======== DATA FOR THE TASK ========

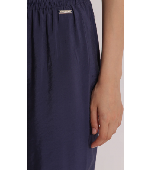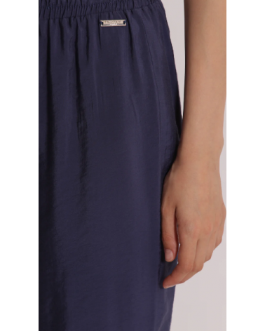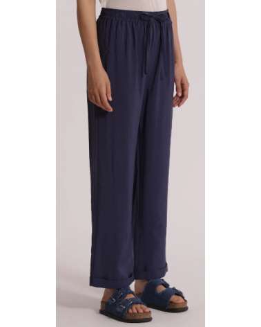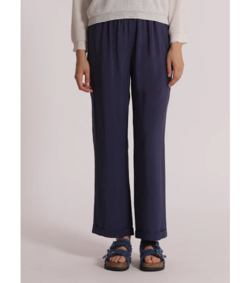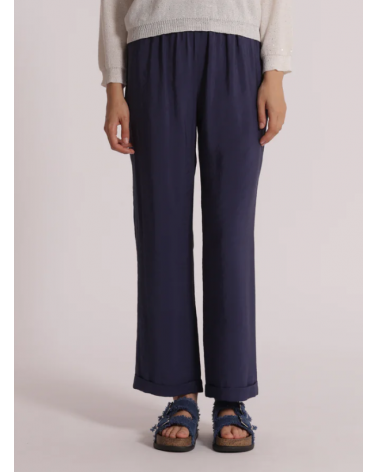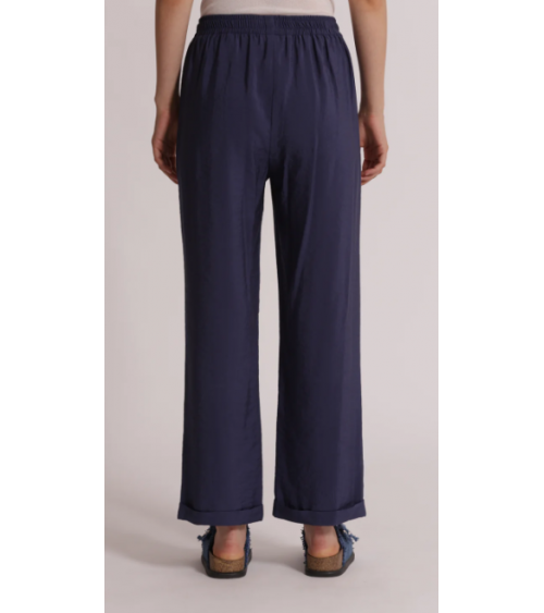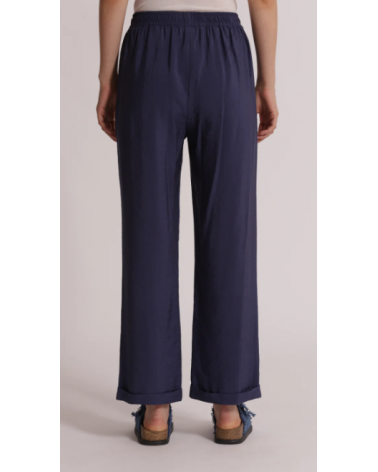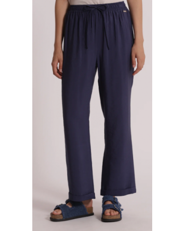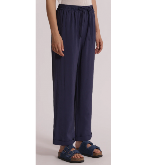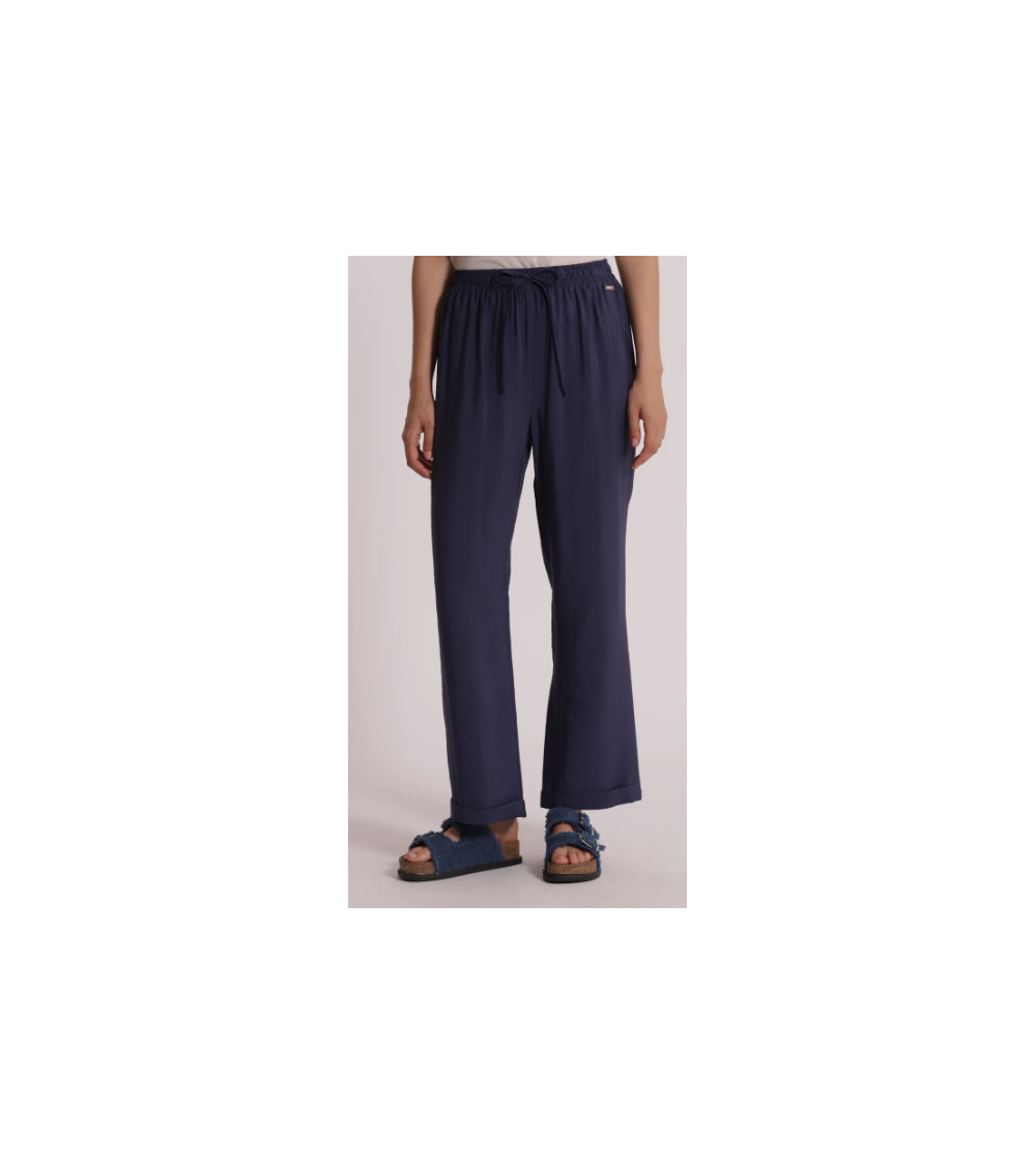 Pantalón azul fluido largo. Cintura elástica con cordón. Pierna recta con bajo vuelta.
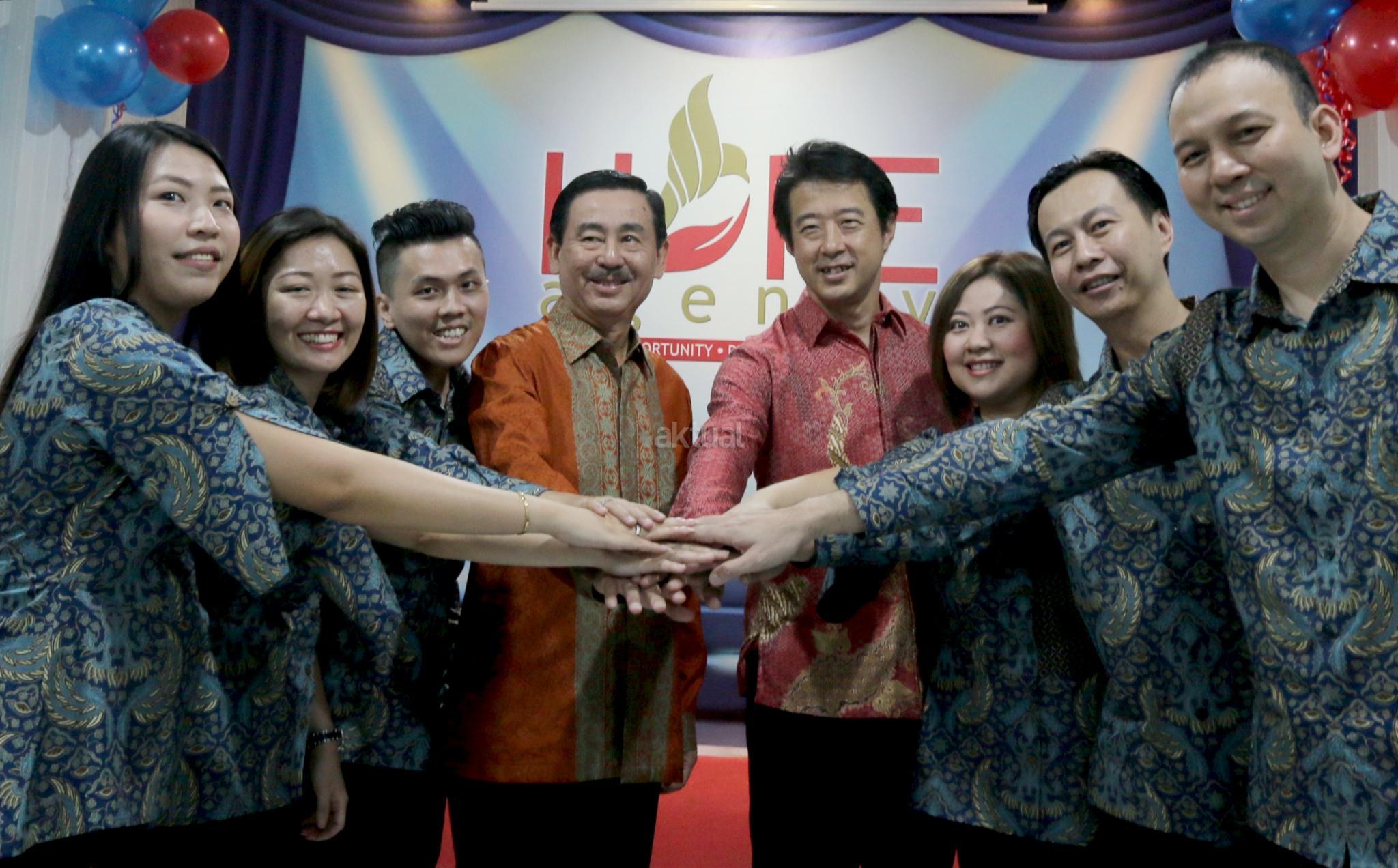 Presiden Direktur Panin Dai-ichi Life Fadjar Gunawan bersama Wakil Presiden Direktur Koichi Nishiyama dan Business Partner, Owner of GA HOPE, Widi Sujarwo serta tim bertumpuk tangan usai meresemikan kantor general agency HOPE (GA HOPE) di Jakarta, Sabtu (17/11/2018). GA Hope yang berlokasi di Jalan Pangeran Tubagus Angke No. 6, Petamburan, Jakarta Barat ini merupakan "kantor pemasaran" Panin Dai-ichi Life yang beroperasi secara independen. Hadirnya jaringan pemasaran Panin Dai-ichi Life yang semakin luas di wilayah jabodetabek diharapkan dapat meyerap lebih banyak tenaga kerja. AKTUAL/Tino Oktaviano
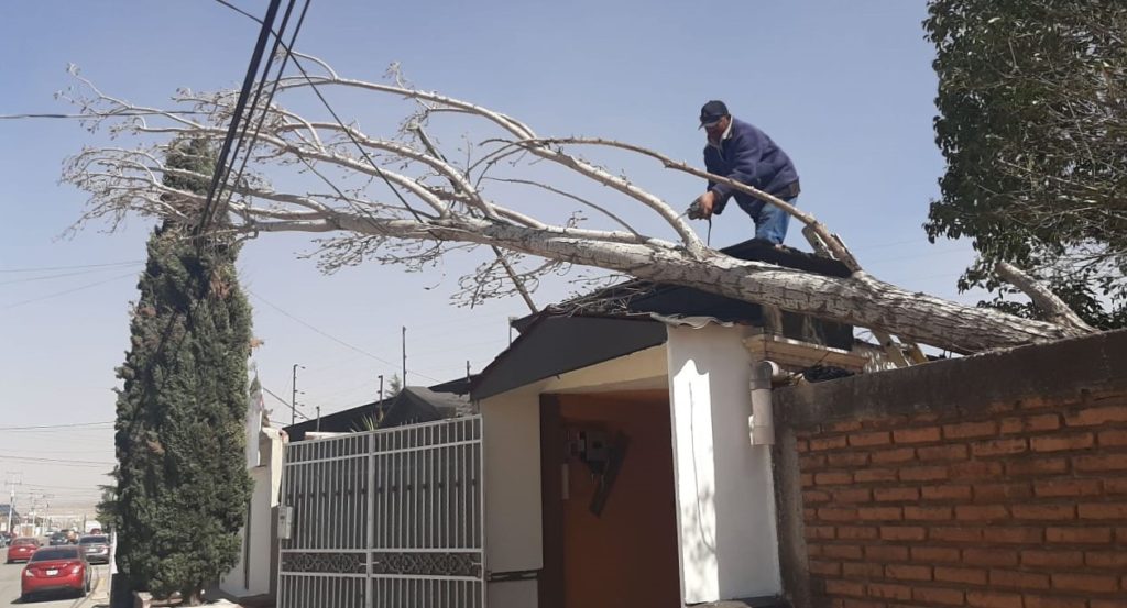 Se informa que las fuertes ráfagas de viento alcanzaron velocidades de 60 a 70 kilómetros por horas lo que ocasionó las siguientes afectaciones:
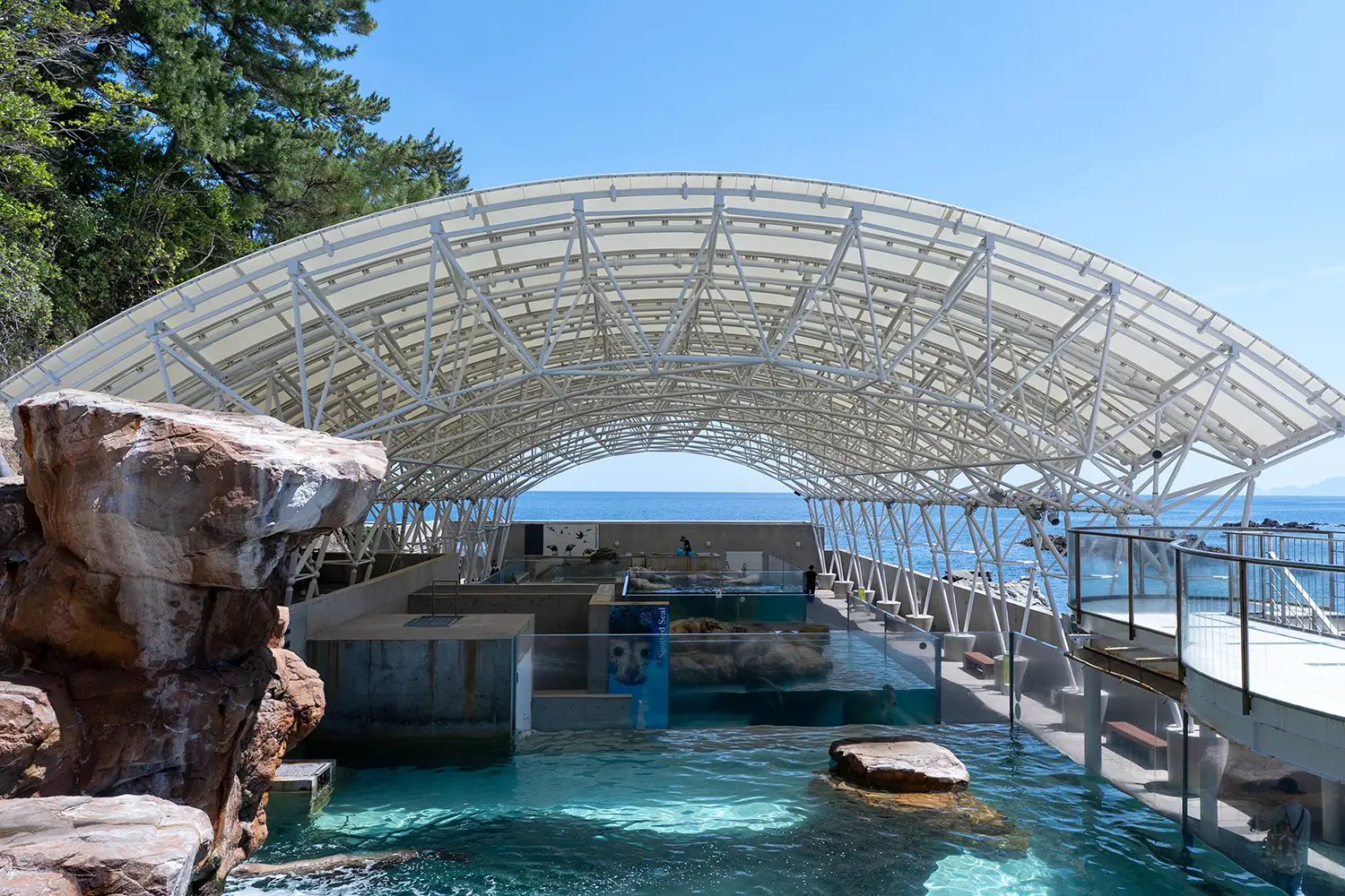 断崖絶壁の日本海を背に、アシカやアザラシが泳ぎ、潜り、鳴く。海と地形を活かした立体的な展示により、まるで“自然の劇場”のような臨場感を味わえるのが城崎マリンワールドです。
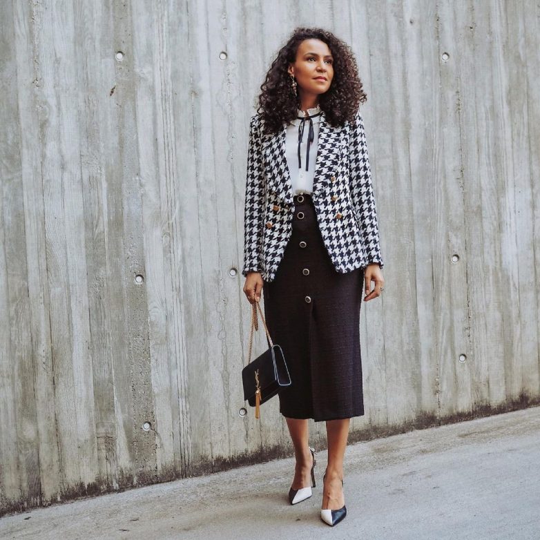 Длина у платьев для дам 40-50 лет должна быть строгой: миди. При выборе пиджака и костюмов стоит рассмотреть, кроме классики, модный оверсайз.
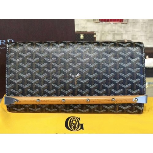 Goyard Chevron Monte Carlo Bois Clutch in zwart met bruine lederen afwerking
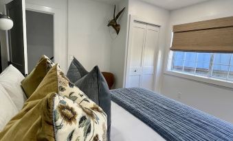 The lower level presents two luxuriously appointed bedrooms, with fine linens and the comforts of home. One room accommodates 2 people with a queen size bed and the other bedroom accommodates 4 persons with a bunk bed, twin bed and trundle. (**Please note the upper bunk can only accommodate a child). This level also has a shared bathroom with a shower and heated floors, as well as a laundry area with full size washer and dryer.
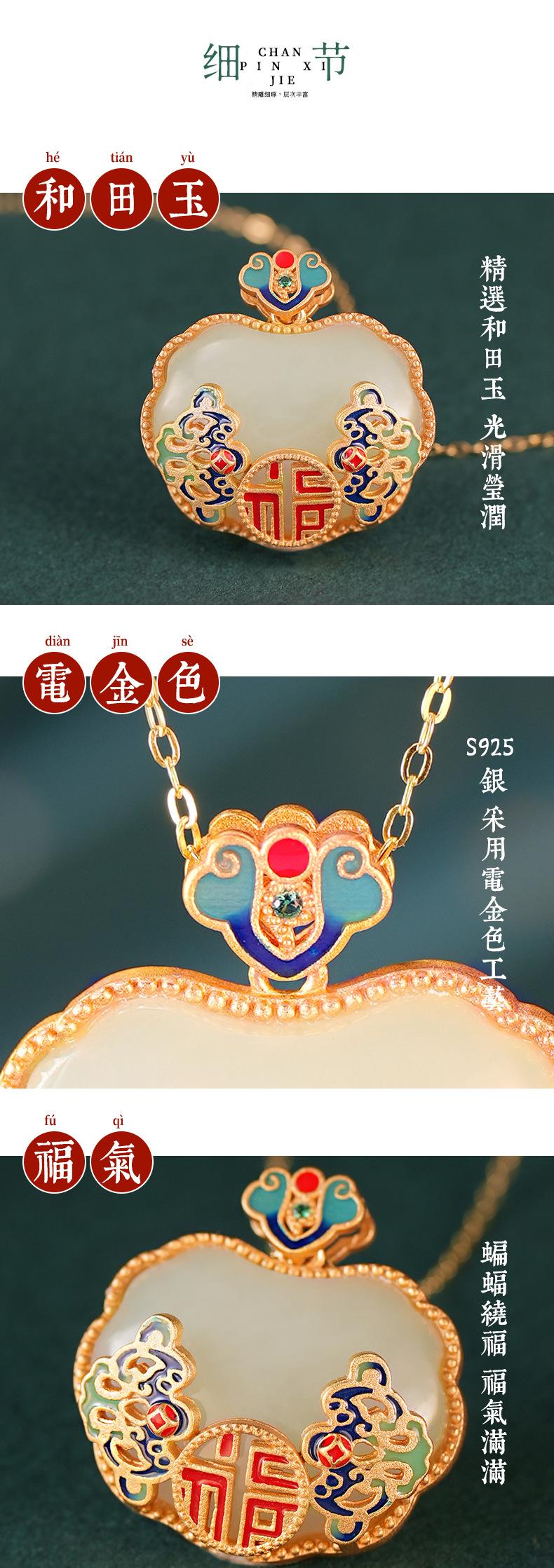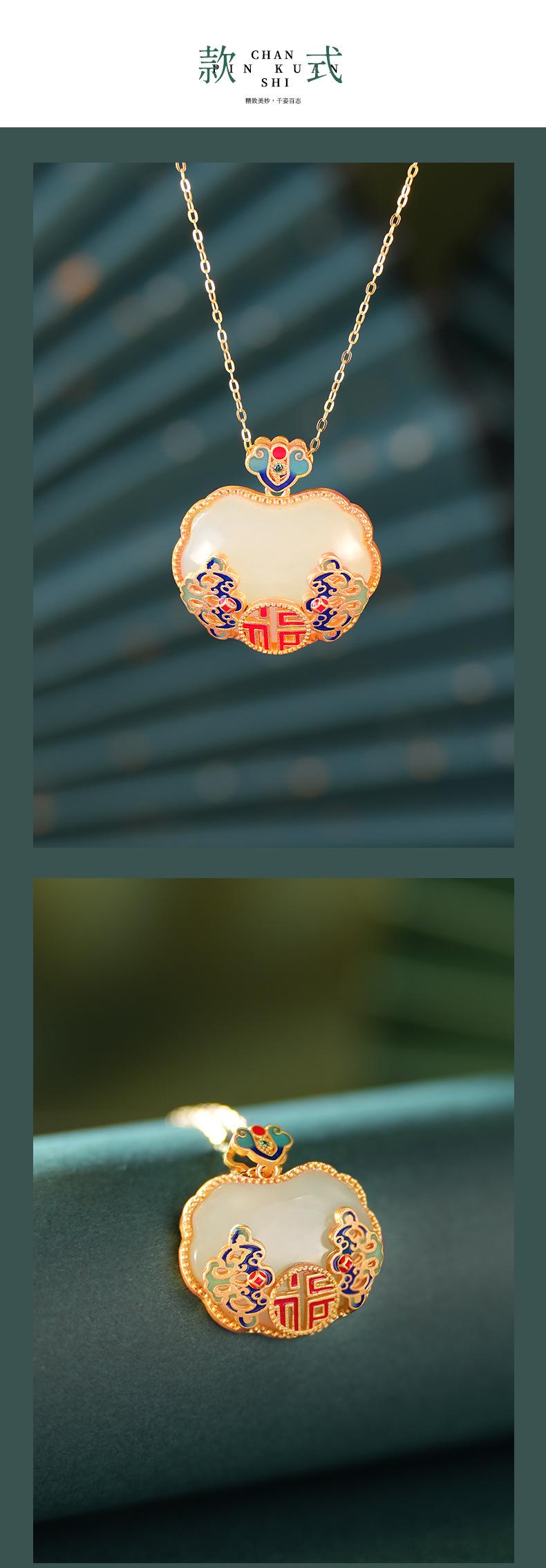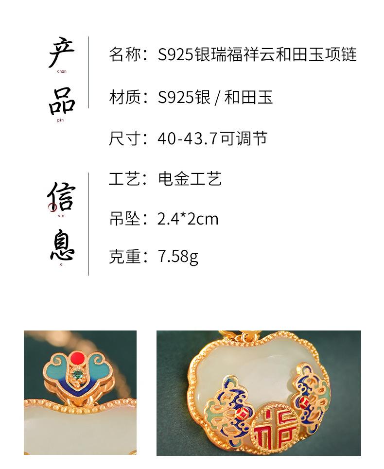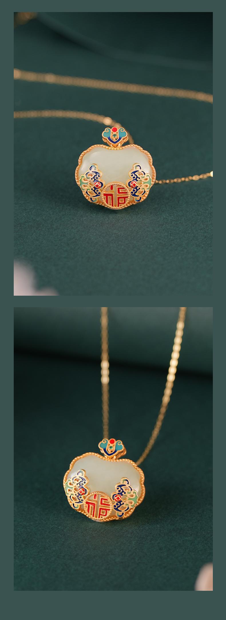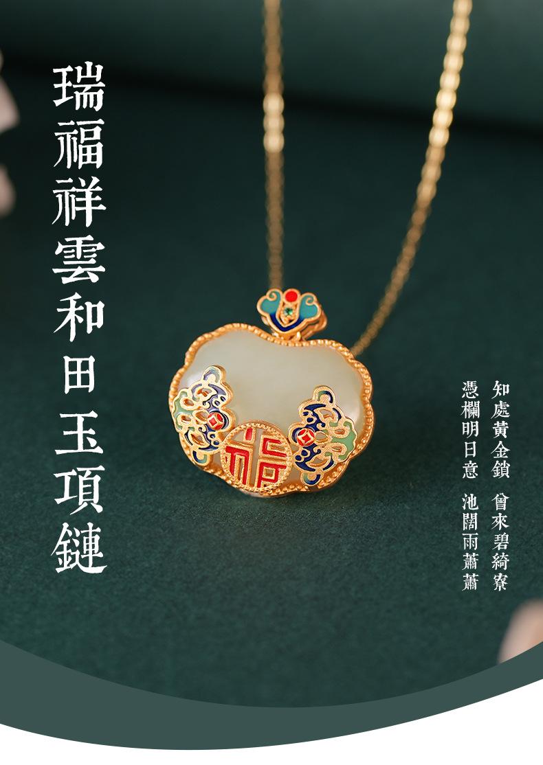 Enamel color Ruifu Xiangyun Hetian jade necklace [about 7.58G]]
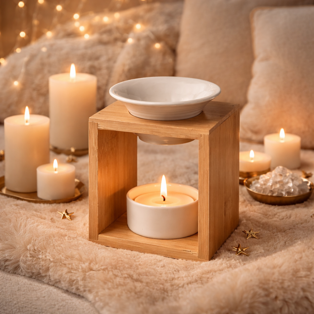 Sa coupelle d’une contenance de 55 ml est parfaitement adaptée pour vos cires ou fondants parfumés, de plus elle est amovible et peut donc se nettoyer facilement. La structure est en bambou . Le support en céramique accueille une bougie chauffe-plat (bougie non fournie).

========

== PROMPT ==
Copy the lines above exactly, starting with the line that contains "Длина у платьев" and ending with the line that contains "Goyard Chevron Monte", and leave out any pictures.

== EXERCISE RESPONSE ==
 Длина у платьев для дам 40-50 лет должна быть строгой: миди. При выборе пиджака и костюмов стоит рассмотреть, кроме классики, модный оверсайз.
 Goyard Chevron Monte Carlo Bois Clutch in zwart met bruine lederen afwerking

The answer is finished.